One thing is that a relatively small number of people are in a position to define what’s socially acceptable: either by removing the unacceptable (e.g StormFront) or making it harder to find or easier to counter. And for me, this is not about ensuring a small group of nazis don’t coordinate and share stores: that’s going to happen anyway, whether we like it or not. It’s more about reducing their access and effect on our grandmothers, on people who might see a well-produced article or presidential statement and not realize that it doesn’t reflect reality (we can talk all we want about ‘truth’, and I have been known to do that, but some subjective assessments are just way past the bounds of uncertainty).

Removing the unacceptable is a pretty nuclear option, and one that is hard to do cleanly (although chapeau to the folks who say ‘no’). Making things harder to find and easier to counter — that should be doable. Like, tell me again how search and ranking works? Or rather, don’t (yes, I get eigenvector centrality and support, and enjoy Query Understanding) — it’s more important that people who are working on search and ranks are connected to the people working on things like algorithm ethics and classifying misinformation; people who are already wrestling with how algorithm design and page content adversely affect human populations, and the ethics of countering those effects. There’s already a lot of good work starting on countering the unacceptable (e.g. lots of interesting emergent work like counter-memes, annotation, credibility standards, removing advertising money and open source information warfare tools).

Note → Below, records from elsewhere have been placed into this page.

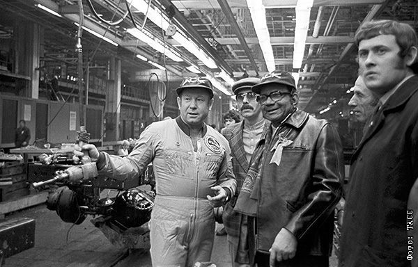 Летчик-космонавт СССР Алексей Леонов (слева) и посол Кубы в СССР Агирре Дель Кристо (в центре) в одном из цехов автозавода ЗИЛ. 1980 год
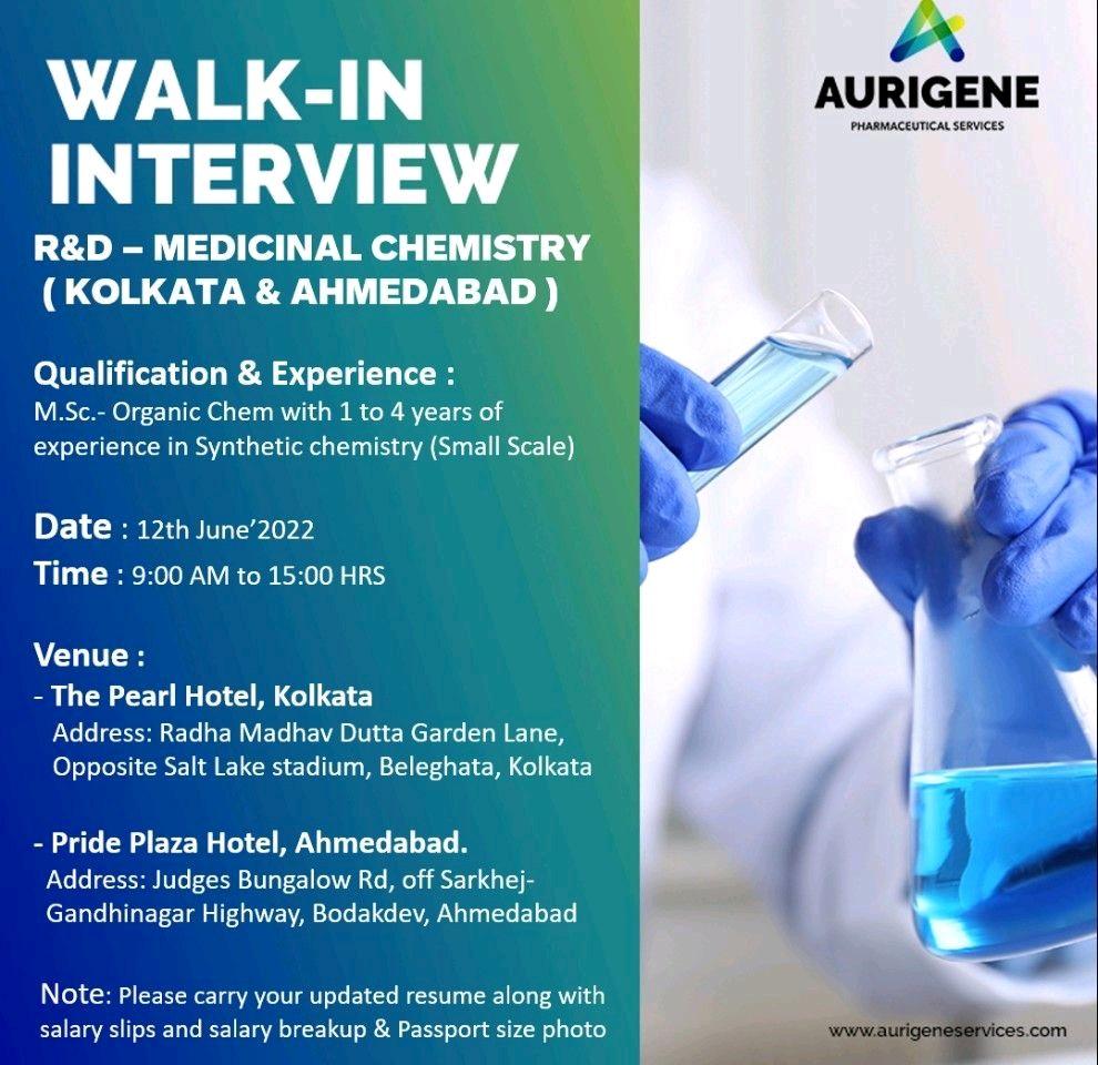 Aurigene Pharmaceutical Walk In Interview at Kolkata & Ahmedabad on 12th June’2022
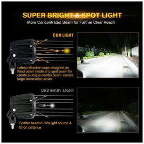 Chip 5050 de alta intensidade para super brilho. Comparado com o chip 3535 comum, as luzes LED Auxbeam de 3,5 polegadas fora de estrada têm 2 chips LED de alta intensidade 5050, pode emitir 5700 6500K luz branca com 3200lm de lúmens iluminará tudo o que você precisa ver
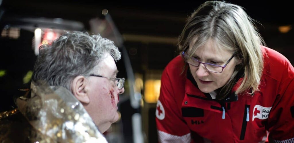 Wie in Nederland direct hulp nodig heeft, kan rekenen op het Rode Kruis. Ruim twintig duizend vrijwilligers staan dag en nacht paraat. We helpen bij het evacueren van slachtoffers, bieden medische ondersteuning en doen er alles aan om kwetsbare mensen beter voor te bereiden op noodsituaties.
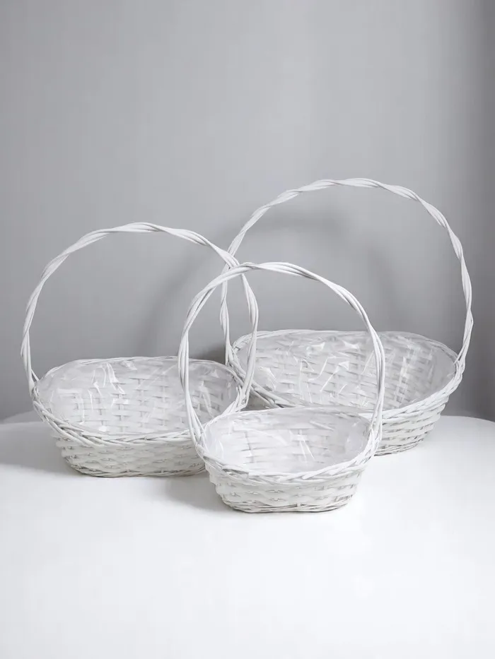 Набор корзин плетёных, овальные 3 шт. 27×21 см, высота 10/14 см, высота с ручкой 29 см, дно 16×16 см
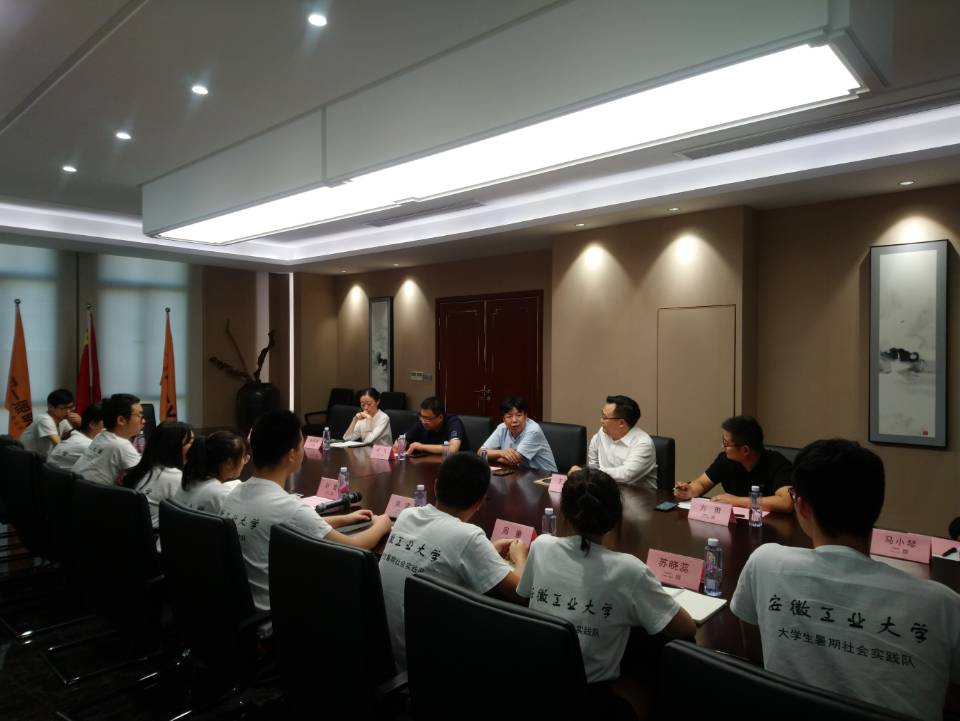 座谈会上,王永昌首先代表企一集团对赵保平一行到来表示热烈欢迎,并就企一集团现状、发展历程、发展方向以及校企合作成果等进行了介绍。在听取两名校友代表工作情况汇报以及实践队队员交流汇报后,赵保平作指导讲话。赵保平首先向企一集团为学生提供专业的实践平台、对学生在实践期间的关心以及对毕业生校友的认可和关照表示感谢,随后指出大学生参加社会实践活动,对于了解社会、认识国情,增长才干、奉献社会,锻炼毅力、培养品格均具有极其重要的意义,要充分珍惜这次实践机会,不断在实践过程中提升自身的综合素质。同时教导学生在实践期间要注意理论知识的转化和拓展,增强运用知识解决实际问题的能力。最后还希望各实践队队员在实践单位要注意遵守纪律,提高安全意识,过一个充实、安全、文明的暑期实践生活。

Defining and countering “unacceptable” is a subject for another note. IMHO, there’s a rot spreading in our second (online) world: it’s a system built originally on trust and a belief in its ability to connect, inform, entertain, and these good features are increasingly being used to bully, target, coerce and reflect the worst of our humanities. One solution would be to let it collapse on itself, to be an un-countered carrier for the machine and belief hacks that I wrote about earlier. Another is to draw our lines, to work out what we as technologists can and should do now. Some of those things (like adapt search) are thematically simple but potentially technically complex, but that’s never scared us before (and techies like a good chewy challenge). And personally, if things do start going Himmler, I’d rather be with Bletchley than IBM.